Ausblick: Chancen und Risiken
IVG könnte in Zukunft ermöglichen:
- Unfruchtbaren Paaren biologische Kinder zu ermöglichen.
- Gleichgeschlechtlichen Paaren eigene genetische Nachkommen zu verschaffen.
- Die Fruchtbarkeitsgrenze im Alter zu verschieben.
- Genetische Krankheiten bei zukünftigen Generationen zu verhindern (bei entsprechender Regulierung).
Gleichzeitig birgt die Technologie das Risiko von Missbrauch oder ungeklärten ethischen Fragen, etwa bei der genetischen Optimierung von Embryonen oder der Erzeugung von Kindern mit mehr als zwei genetischen Elternteilen.

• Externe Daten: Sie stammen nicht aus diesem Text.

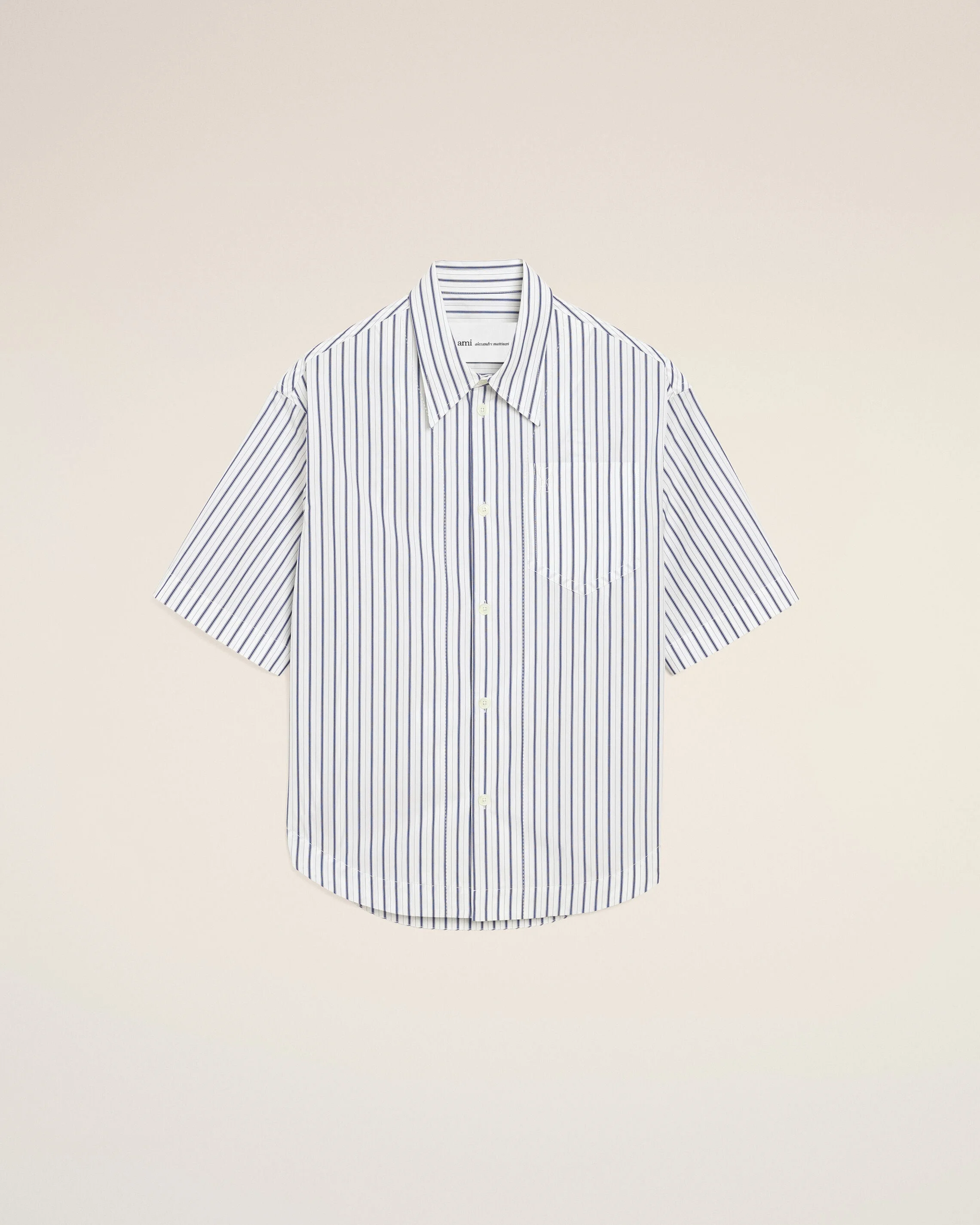 Short sleeve shirt in cotton popeline with double stripes. Unisex product Wide fit Classic collar Front buttoned placket Buttoned cuffs Embossed Ami de Coeur on the chest pocket Mother of pearl buttons Middle back wardrobe detail with pleat Made in Poland (with love) REF: USH809.CO0220.A074 SIZE & FIT This item is designed to be worn lose. Take your normal size. Woman model is 181 cm / 5"9 and is wearing a size XS. Man model is 187 cm / 6"1 and is wearing a size M. COMPOSITION & CARE GUIDE Main Material : 100% Cotton Machine Wash At 30°C Chlorine Prohibited Do Not Tumble Dry Medium Iron Dry Clean Possible Wash Inside Out Wash With Similar Colours Contains Non-Textile Parts Of Animal Origin

„Es ist eine faszinierende Entwicklung, aber wir müssen sehr vorsichtig sein, wenn die Wissenschaft Ergebnisse liefert, die nicht der Natur entsprechen.“ – Prof. Hayashi
Fazit
IVG steht vor dem Durchbruch und könnte die Reproduktion grundlegend verändern. Die kommenden Jahre werden entscheidend sein, um zu klären, wie sicher, ethisch und gesellschaftlich akzeptabel diese Technologie eingesetzt werden kann, um Menschen neue Wege zur Elternschaft zu eröffnen.